私はペットである。 -2ページ目

最終ラスティング

ペット生活ももう終わり。

いつものモノクロ

ペットの仕事は、部屋を清潔に保つこと、料理、そして性交。

昼は部屋を掃除する。

夕方は料理を作って、彼が帰ってくるまでの間、大人しく待っている。

夜はアロマのお風呂に入り、彼に抱かれるのを待つ。

私はいつも待つばかり。

いつになったら、動けるのだろう。

蹲ればコネクション

2つ並べたグラスが寂しげに見える。



私はいつからか感情を表に出すのが怖いと思うようになり、そうやってびくびくしているうちに、自分が何を感じているのか分からなくなってきた。

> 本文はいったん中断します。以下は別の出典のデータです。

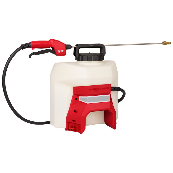 The SWITCH TANK™ 15 Litre Sprayer Tank Assembly is an interchangeable tank, powered by the M18™ SWITCH TANK™ Powered Base (not included). The Sprayer Tank Assembly includes the pump, hose, and wand. The design allows users to add on tank assemblies for different chemicals and applications, eliminating cross-chemical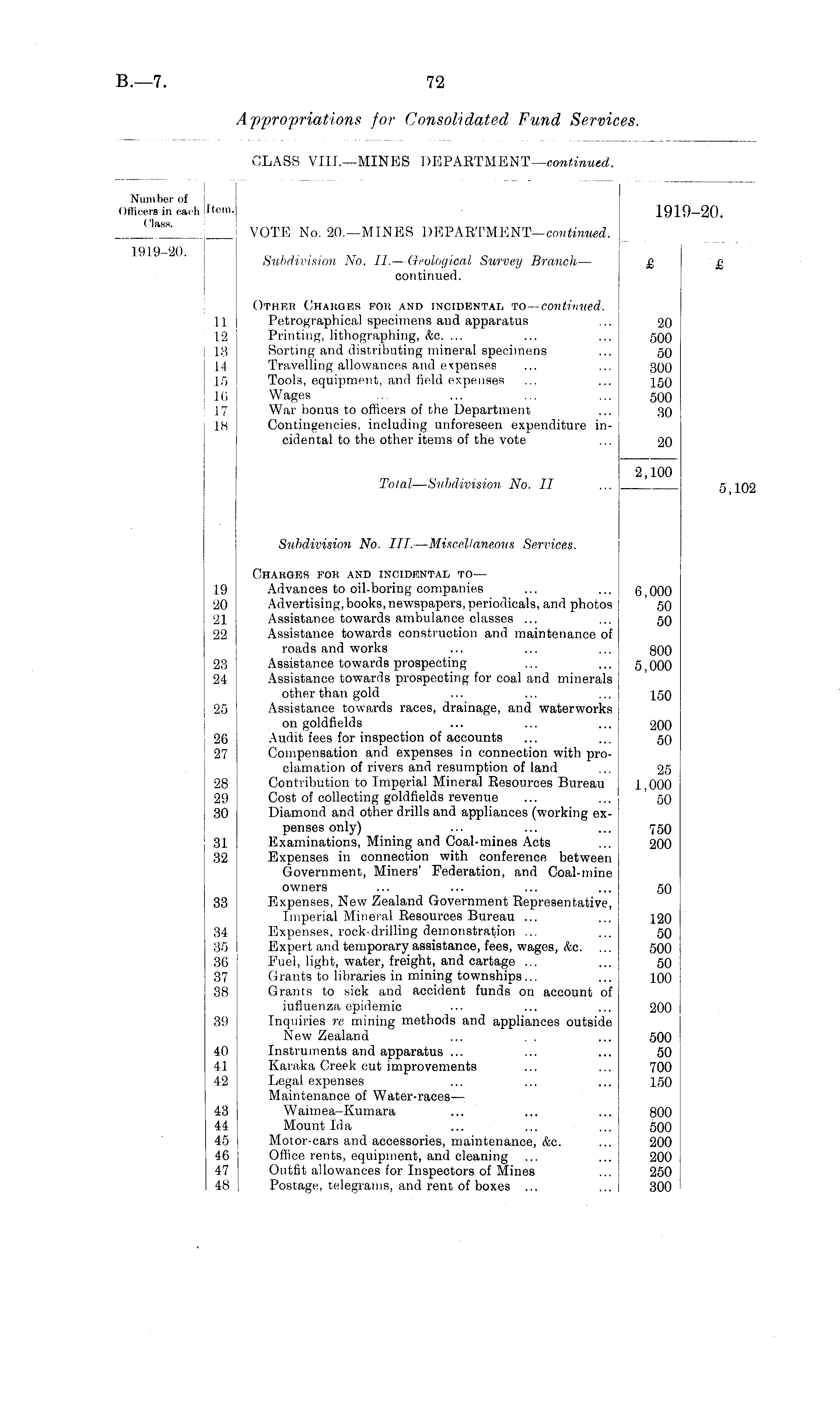 Number of Ifficers in each ('lass. hi Item. Item. 1919-20. VOTE No. 20.—MINES DEPARTMENT— continued. 1919-20. Subdivision No. II.—Geological Survey Branch — continued. £ £ 11 12 13 14 15 10 17 18 11 12 13 14 15 16 17 18 Other Charges for and incidental to— continued. Petrographical specimens and apparatus Printing, lithographing, kc, ... Sorting and distributing mineral specimens Travelling allowances and expenses Tools, equipment, and field expenses Wages War bonus to officers of the Department Contingencies, including unforeseen expenditure incidental to the other items of the vote 20 500 50 300 150 500 30 20 Total — Subdivision No. II 2,100 5 5,10! Subdivision No. III. — Miscellaneous Services. 19 20 21 22 23 24 25 26 27 28 29 30 31 32 19 20 21 22 23 2-1 25 Charges for and incidental to — Advances to oil-boring companies Advertising, books, newspapers, periodicals, and photos Assistance towards ambulance classes ... Assistance towards construction and maintenance of roads and works Assistance towards prospecting Assistance towards prospecting for coal and minerals other than gold Assistance towards races, drainage, and waterworks on goldfields Audit fees for inspection of accounts Compensation and expenses in connection with proclamation of rivers and resumption of land Contribution to Imperial Mineral Resources Bureau Cost of collecting goldfields revenue Diamond and other drills and appliances (working expenses only) Examinations, Mining and Coal-mines Acts Expenses in connection with conference between Government, Miners' Federation, and Coal-mine 6,000 50 50 800 5,000 150 200 50 26 27 28 29 30 25 1,000 50 31 32 750 200 33 34 35 36 37 38 39 40 41 42 43 44 45 46 47 48 owners Expenses, New Zealand Government Representative, Imperial Mineral Resources Bureau ... Expenses, rock-drilling demonstration ... Expert and temporary assistance, fees, wages, &c. Fuel, light, water, freight, and cartage ... Grants to libraries in mining townships... Grants to sick and accident funds on account of iufiuenza epidemic Inquiries re mining methods and appliances outside New Zealand Instruments and apparatus ... Karaka Creek cut improvements Legal expenses Maintenance of Water-races— Waiinea-Kumara Mount Ida Motor-cars and accessories, maintenance, &c. Office rents, equipment, anel cleaning Outfit allowances for Inspectors of Mines Postage, telegrams, and rent of boxes ... 50 120 50 500 50 100 200 500 50 700 150 800 500 200 200 250 300

今までだって、人が傷付くのを見たくなくて、深くかかわるのを避けてきた。


ペットになりさえすれば、もっと無機質な生活を送って、愛されるまま、体さえあずけてしまえば感情が楽になると思っていた。



私は喉を潤したくて、手を延ばす。


だけども、目の前のグラスをうまく掴みきれず、グラスは床で柔らかな音を立てた後、あっさりと砕けてしまった。



目の前の存在は案外脆い。

心底スペクタクル

深く暗い青の中から、ゆっくりと目を開いてみれば、そこにあるのは快楽だった。



彼の少しごつごつした指で静かになぞられると、ぬるりと私の中から温かいものが染み出てくる。


一度溢れ出てしまうと、もう留まることを知らない。


私から自然と声が洩れ、それと同時に彼の指の動きが速くなる。


体の中心から、がくがくと震えがし、私は必死で溺れまいと毛布にしがみついた。


すぐに私は最初のエクスタシーを迎え、彼に許しを乞うのだが、指の動きは勢いを増すばかりだ。

そこにあるのは快楽ばかりで、自意識は欠片ほどに砕かれ、ただ、体ばかりが壊れてしまうような反応を繰り返すのだった。

私の息遣いとぴちゃぴちゃと水辺で遊ぶような音が部屋に響き、早く彼を飲み込みたいと思ったけども、体の痙攣が止まらない。



そうして、私は再び暗い闇の中に落ちていく。

人力プレビュー

朝、彼がスーツを着ると、私との間にある一定の距離ができる。


以前、会社で一緒に働いていた頃と同じ空気だ。

しかし、今や私は仕事を辞め、橋本のマンションで呑気なペット暮らしを送っている。


不思議なものだ。

この微妙な生活もいつまで続くか分からない。


楽に生きてしまえば簡単だけども、このまま続けていいのだろうかと不安もなくはない。